Übersichtsarbeiten - OUP 12/2013

Radiushalsfrakturen im Wachstumsalter

P. Koch1, M. Rapp1, P. Illing1

Zusammenfassung: Radiushalsfrakturen im Wachstumsalter bedürfen einer im Vergleich zum Erwachsenen unterschiedlichen Behandlung. Sie verfügen über ein erhebliches Potenzial für Spontankorrekturen und können überwiegend konservativ behandelt werden. Die Kenntnis der Grenzen der konservativen Behandlung ist essenziell, um resultierende Bewegungseinschränkungen zu verhindern.
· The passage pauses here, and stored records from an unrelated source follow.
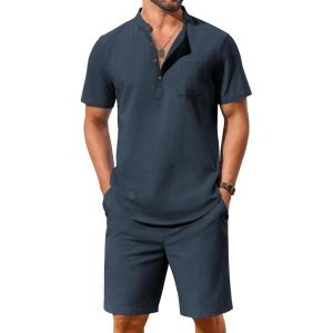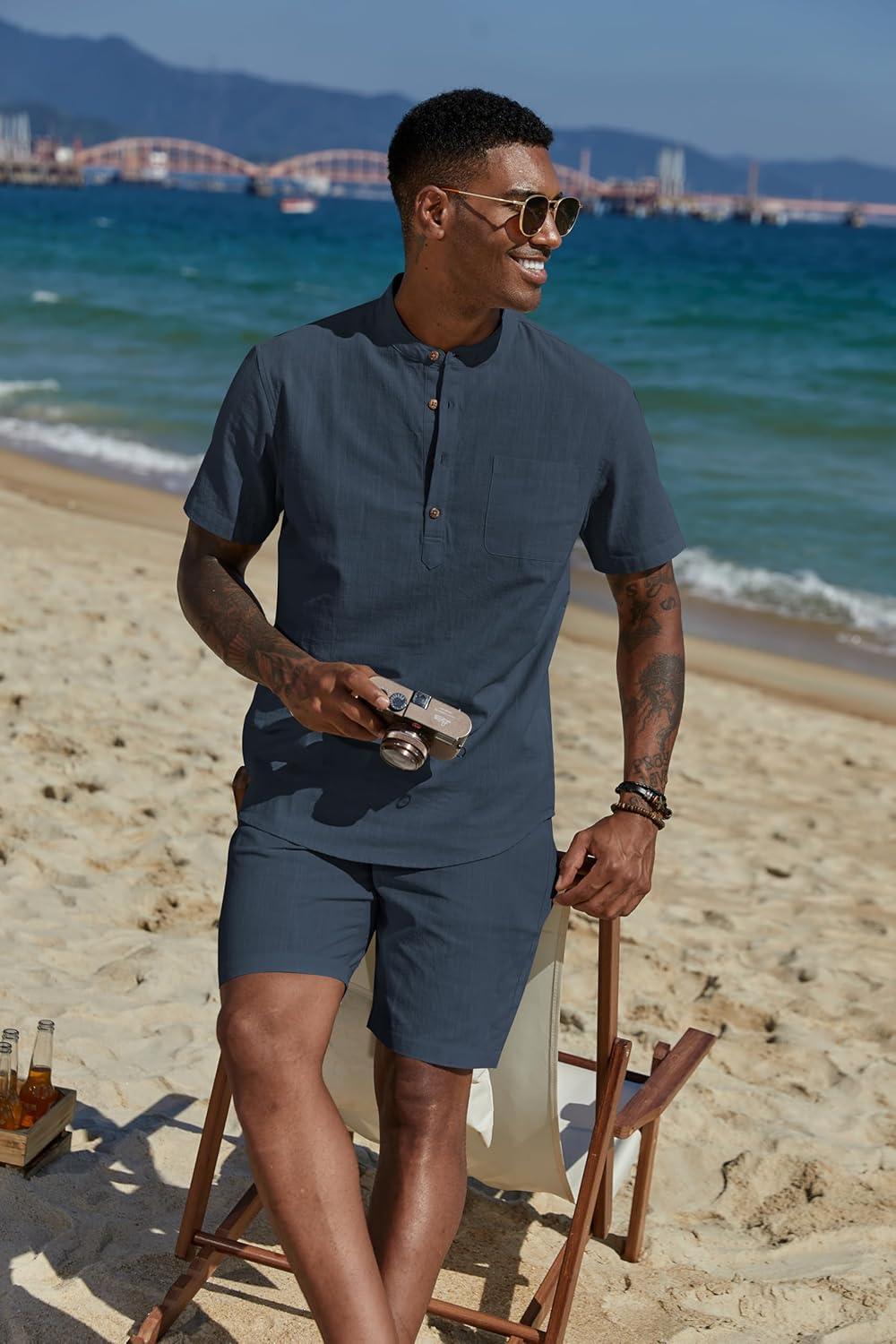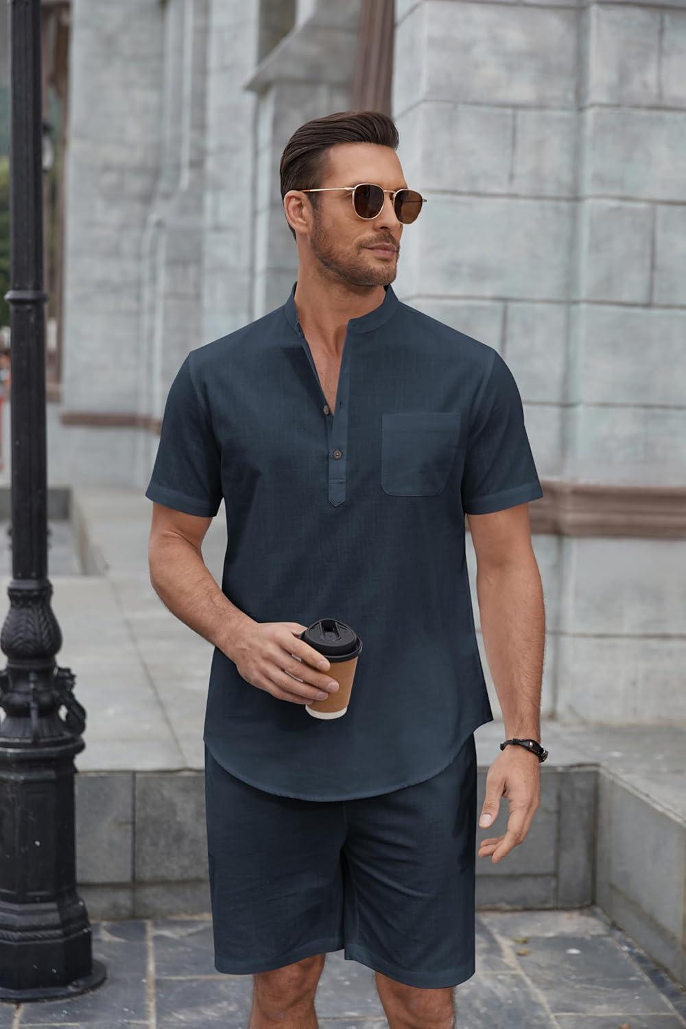 COOFANDY Men’s 2 Piece Cotton Linen Sets Summer Beach Outfits Casual Short Sleeve Henley Shirts and Vacation Shorts(Navy Blue)
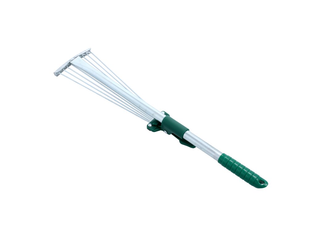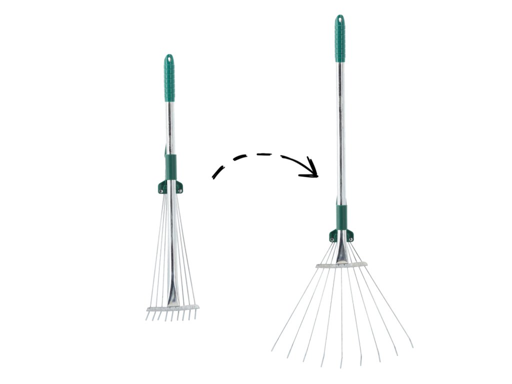 Metlo-hrable používané v záhradníctve na hrabanie lístia, pokosenej trávy, sena a iného záhradného odpadu. Vďaka nastaveniu dĺžky rukoväte a posuvníku ľahko prispôsobíte rozstup zubov charakteru práce v záhrade. Ergonomická konštrukcia zabezpečuje pohodlie počas používania.
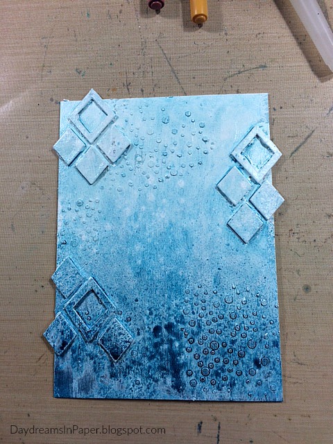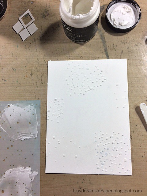 Before adhering the lattice pieces, I decide to stencil on the Simon Says Stamp Falling Snow stencil to the background in random areas and let that completely dry.
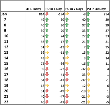 Figure 2: Pickup (PU) analysis for the next 15 days, showing business on the books (OTB) today, along with pickup since yesterday, seven days ago, and 30 days ago.
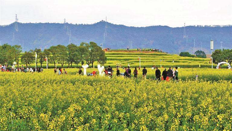 大梅沙的海浪輕撫金色沙灘,把歡笑卷進(jìn)浪花;梧桐山深處,吊鐘花已開滿山坡,人們拾級而上,穿行于青山綠水間;深圳灣的棧道上,人流與候鳥同向而行;虹橋公園里,4公里“紅飄帶”蜿蜒,行人漫步虹橋之上,祈愿新年“行鴻運(yùn)”;光明田園里,油菜花鋪成金色的海,支一頂帳篷,煮一壺清茶,歡聲笑語回蕩。

Als operative Therapie der Wahl hat sich die elastisch stabile intramedulläre Nagelung (ESIN) etabliert. Offene Repositionen können die Durchblutung des Radiusköpfchens beeinträchtigen.

Schlüsselwörter: Radiushalsfraktur, Wachstumsalter, konservative Behandlung, elastisch stabile intramedulläre Nagelung, ESIN, Komplikationen

 

Zitierweise

Koch P, Rapp M, Illing P: Radiushalsfrakturen im Wachstumsalter.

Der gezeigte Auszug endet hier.